## [Input data]
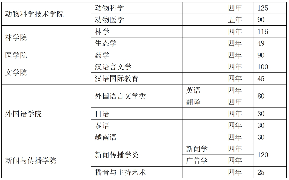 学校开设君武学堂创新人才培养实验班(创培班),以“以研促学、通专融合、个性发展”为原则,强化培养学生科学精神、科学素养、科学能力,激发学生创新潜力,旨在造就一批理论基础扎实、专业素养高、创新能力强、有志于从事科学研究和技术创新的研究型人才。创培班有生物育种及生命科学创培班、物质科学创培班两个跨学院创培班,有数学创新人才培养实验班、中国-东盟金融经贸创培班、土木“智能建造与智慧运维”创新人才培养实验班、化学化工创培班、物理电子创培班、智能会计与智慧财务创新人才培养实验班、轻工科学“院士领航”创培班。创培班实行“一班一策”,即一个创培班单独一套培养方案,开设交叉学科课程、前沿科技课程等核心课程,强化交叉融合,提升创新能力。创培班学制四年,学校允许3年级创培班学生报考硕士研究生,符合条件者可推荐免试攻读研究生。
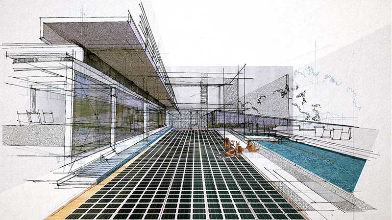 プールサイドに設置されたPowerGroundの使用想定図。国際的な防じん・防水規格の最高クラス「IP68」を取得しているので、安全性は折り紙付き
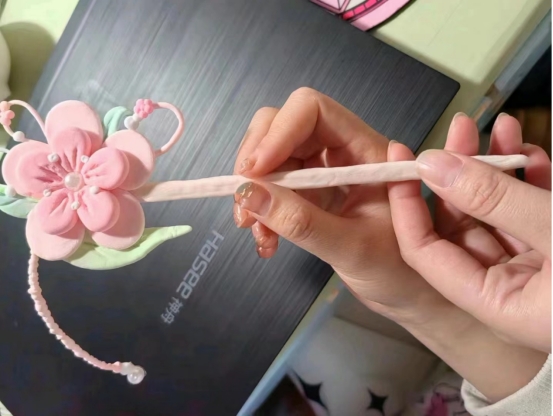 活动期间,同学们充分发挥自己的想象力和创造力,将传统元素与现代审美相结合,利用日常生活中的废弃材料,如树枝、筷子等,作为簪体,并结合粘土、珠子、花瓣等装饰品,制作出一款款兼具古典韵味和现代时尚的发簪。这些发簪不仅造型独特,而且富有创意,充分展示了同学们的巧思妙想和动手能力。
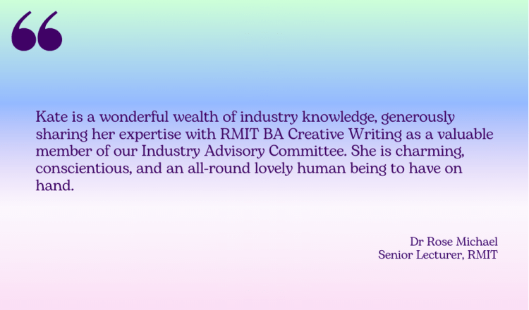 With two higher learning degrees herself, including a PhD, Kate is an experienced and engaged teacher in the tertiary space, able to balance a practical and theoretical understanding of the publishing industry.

## [Your task]
Apart from the pictures, every line above must be repeated exactly.

## [Written answer]
 学校开设君武学堂创新人才培养实验班(创培班),以“以研促学、通专融合、个性发展”为原则,强化培养学生科学精神、科学素养、科学能力,激发学生创新潜力,旨在造就一批理论基础扎实、专业素养高、创新能力强、有志于从事科学研究和技术创新的研究型人才。创培班有生物育种及生命科学创培班、物质科学创培班两个跨学院创培班,有数学创新人才培养实验班、中国-东盟金融经贸创培班、土木“智能建造与智慧运维”创新人才培养实验班、化学化工创培班、物理电子创培班、智能会计与智慧财务创新人才培养实验班、轻工科学“院士领航”创培班。创培班实行“一班一策”,即一个创培班单独一套培养方案,开设交叉学科课程、前沿科技课程等核心课程,强化交叉融合,提升创新能力。创培班学制四年,学校允许3年级创培班学生报考硕士研究生,符合条件者可推荐免试攻读研究生。
 プールサイドに設置されたPowerGroundの使用想定図。国際的な防じん・防水規格の最高クラス「IP68」を取得しているので、安全性は折り紙付き
 活动期间,同学们充分发挥自己的想象力和创造力,将传统元素与现代审美相结合,利用日常生活中的废弃材料,如树枝、筷子等,作为簪体,并结合粘土、珠子、花瓣等装饰品,制作出一款款兼具古典韵味和现代时尚的发簪。这些发簪不仅造型独特,而且富有创意,充分展示了同学们的巧思妙想和动手能力。
 With two higher learning degrees herself, including a PhD, Kate is an experienced and engaged teacher in the tertiary space, able to balance a practical and theoretical understanding of the publishing industry.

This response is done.